23 Mart 2013 Cumartesi

Uzmanım Ben Ya!

Yıldız Teknik Üniversitesi Bilgisayar ve Öğretim Teknolojileri Eğitimi Bölümü (BÖTE) mezunu bir gencin çilesinden bahsedeceğim bugün. Buna paralel olarak ise bölümünün adı az duyulmuş bütün arkadaşlarıma ithafen yazıyorum bu yazımı.
Başından başlamak istiyorum, o acı kararı bana aldırtan kapitalist sisteme lanet ederek. Kararım ne miydi? Tabi ki Bilgisayar bölümünü seçmek. Şunu hemen belirtmek istiyorum ki, sıkıntım bölümün içeriği, getirdiği faydaları veya noksanlıklıkları ilgili değil. Sıkıntı tamamen sosyal çevremdi. Bilgisayar bölümünü neden seçtim peki? Cevabı içimde hala bir burukluk meydana getirir, hüzünlendirir beni. Eve bilgisayar alınması meşru kılmak için o yıllarda kurduğum bir plandı. Çünkü annem "ders çalışmak için istiyorum" yalanına kanmamıştı. O dönem bu yalanın geçerliliği çok fazlaydı halbuki (Günümüzde geçerliliği yok, ailenizi kandıracaksanız daha yaratıcı olun). Durum beni daha ince bir plan kurmaya itiyordu. Aklıma yine o dönem revaçta olan bilgisayar bölümü gelmişti. Geleceği olan bir meslek dalı diye de bolca geyik dolaşıyordu bilen bilmeyen herkesin ağazında. Planı işletme vakti geldiğinde soğukkanlı ve acımasız davrandım, davranabildim. Bilgisayar bölümü öğrencisinin bilgisayarı olmaması annemin mantık süzgecinden geçemeyecekti. Bu durumu düşünmesi için ona ufak tefek düşünceler sunacaktım. Inception bir nevi.

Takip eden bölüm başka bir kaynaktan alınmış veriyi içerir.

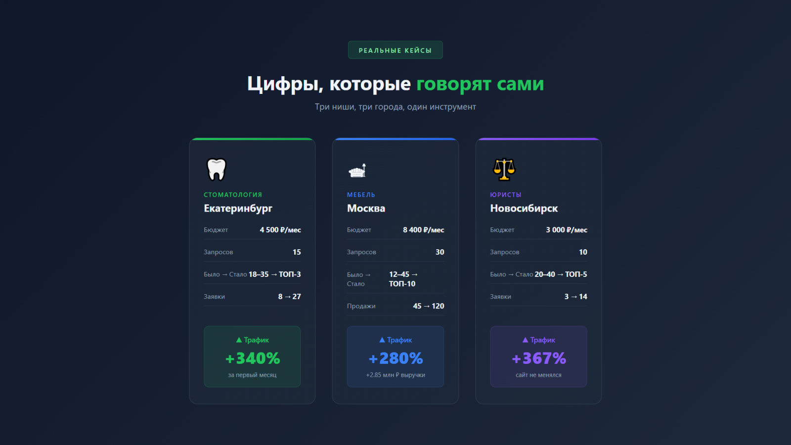 А теперь подумайте о ROI. Допустим, ваш средний чек — 15 000 ₽. Выход в ТОП-3 по 20 запросам приносит, в среднем, 200–500 дополнительных визитов в месяц. При конверсии 3% это 6–15 клиентов. То есть 90 000–225 000 ₽ дополнительной выручки. При затратах 3 000 ₽.
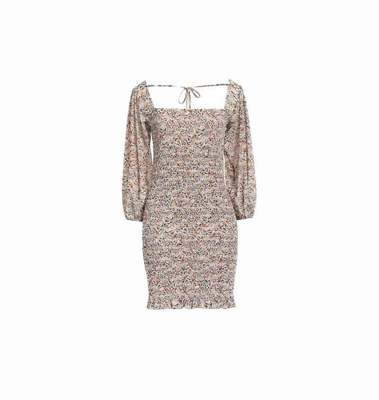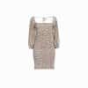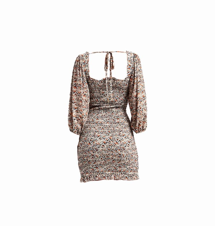 Mot. suknelė, prigludusi, kvadratinė iškirptė, ilgos rankovės, pūstos rankovės, be pamušalo, elastinga, užsegimas surišimas raišteliais.

Bilgisayarı olan arkadaşlarımız daha başarılı, noktasına vurgu yapacak düşünceler olacaktı bunlar. Fikir tohumlarını ektikten sonra düşünmesi için biraz geri çekilecek, uslu bir çocuk olacaktım. Bu sayede vicdan muhasebesi ile başbaşa bırakacaktım annemi. Vicdan her zaman galip gelir buna inanırım ben. Zaman zaman ise teyzelerimin, dayılarımın önünde açardım konuyu ki destek olsunlar. Onların da desteğini almayı başarmıştım. "Uşağa bir bilgisayar al da", "Nedu yani kaç para ki", "Uşak ders etcek da", "Bir bilgisayar alamadın mi uşağa!" ünlemleri en büyük destekçim olmuştu. (da'lar Laz da'sıdır.) Kendimce 1 taşla 2 kuş vurmuştum. Hem geleceği olan bir bölüm seçmiştim hem de istediğim bilgisayarı elde etmiştim. Tüm bu kararları alırken de bir başıma almıştım. Evdekileri ikna etmiştim hem bilgisayar hem de bölüm için. Planım kusursuzca işlemiş emelime ulaşmıştım. Tam bir zafer günüydü, o günlerde..

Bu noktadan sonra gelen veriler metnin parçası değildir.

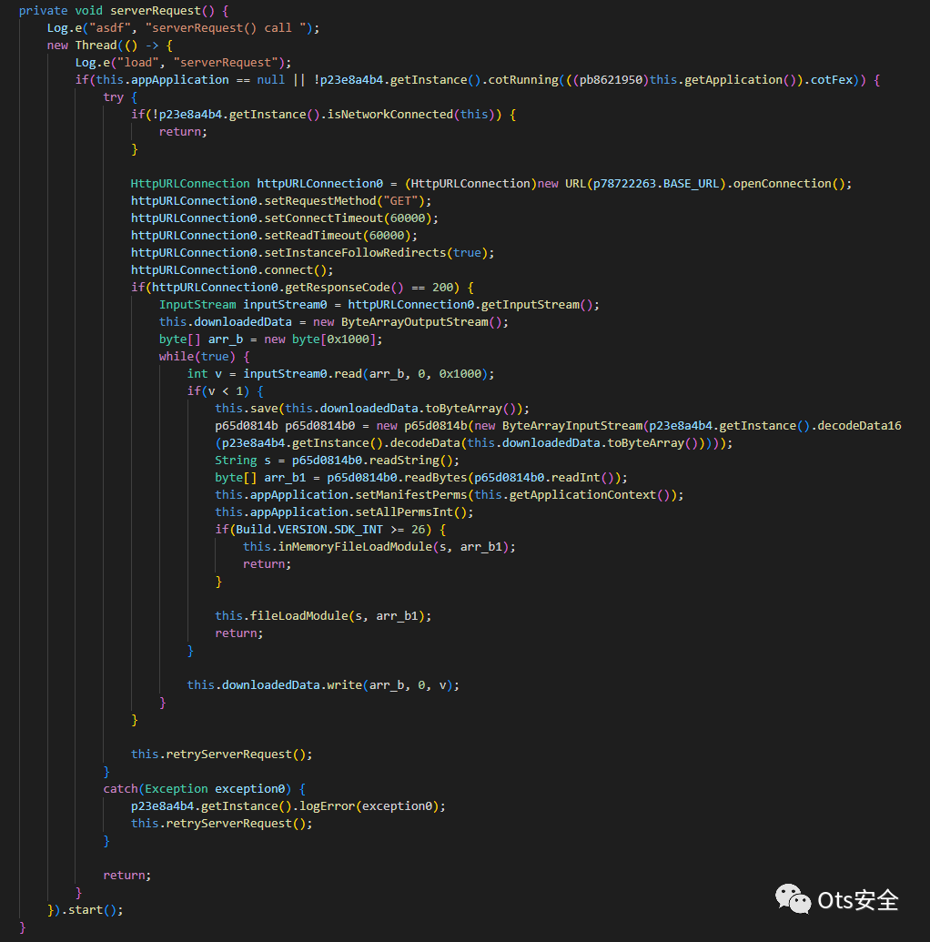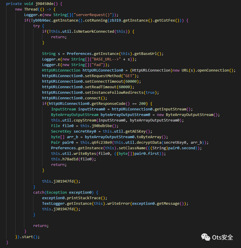 该应用程序是一种下载器类型的恶意软件,可在hxxps://games[.]srv-app[.]co/669/1/1970/2/0/0/1764305594/2X1R9Tw7c5eSvLpCCwnl0X7C0zhfHLA6RJzJ0ADS/files-82dfc144/ 下载加密的负载附加。负载是一个DEX 文件,使用类DexClassLoader启动。

Lise bitti, üniversite yılları başladı. Bir BÖTE'ciydim artık. 5 yıl boyunca Anneme her soruşunda aynı cevabı verdim. Okulum Yıldız Teknik, Bölümüm Böte yani Bilgisayar ve Öğretim Teknolojileri Eğitimi Bölümü. Neden mi tekrarlıyordum? Çünkü Annem beni Yıldız Tepe Üniversitesinde (Zannediyorum Yıldız Teknik ve Yedi Tepe karışımı. Yedi Tepeyi nerden duymuş hiç bilmiyorum) ve bilgisayar mühendisi sanıyordu. Sanmakla kalmayıp tüm çevremize de öyle anlatıyor, aktarıyordu. Duruma bir çözüm getirmeliyim diye düşündüm. Anne, Bilgisayar Öğretmeni de bari soran olursa, diyordum. Acaba benden Lise döneminin intikamını mı alıyordu, sormadan edemedim kendime. Buraya kadar olan bölüm kısmi ölçülerde kabul edilebilir. Asıl can sıkıcı durum şu ki; Bilgisayarcıyız diye bilgisayarın her şeyinde anlıyoruz sanıyor bizi çevremiz. 20 tane makine topladım, monitör tamir ettim, güç kaynağı tamir ettim, modemlere baktım vs vs. Çok uzun bir listedir bu. Bu listede var olan ya da olacak olan çoğu konuyu anlamam, bilmem. Bilmem de beklenemez. Çoğunu bir Türk geleneği olan "Aç-Kapa" yönemiyle hallettim. Kardeşim Elektrik - Elektronik bölümü öğrencisi diye evim tüm elektrik altyapısını döşeteceklerdi az kalsın.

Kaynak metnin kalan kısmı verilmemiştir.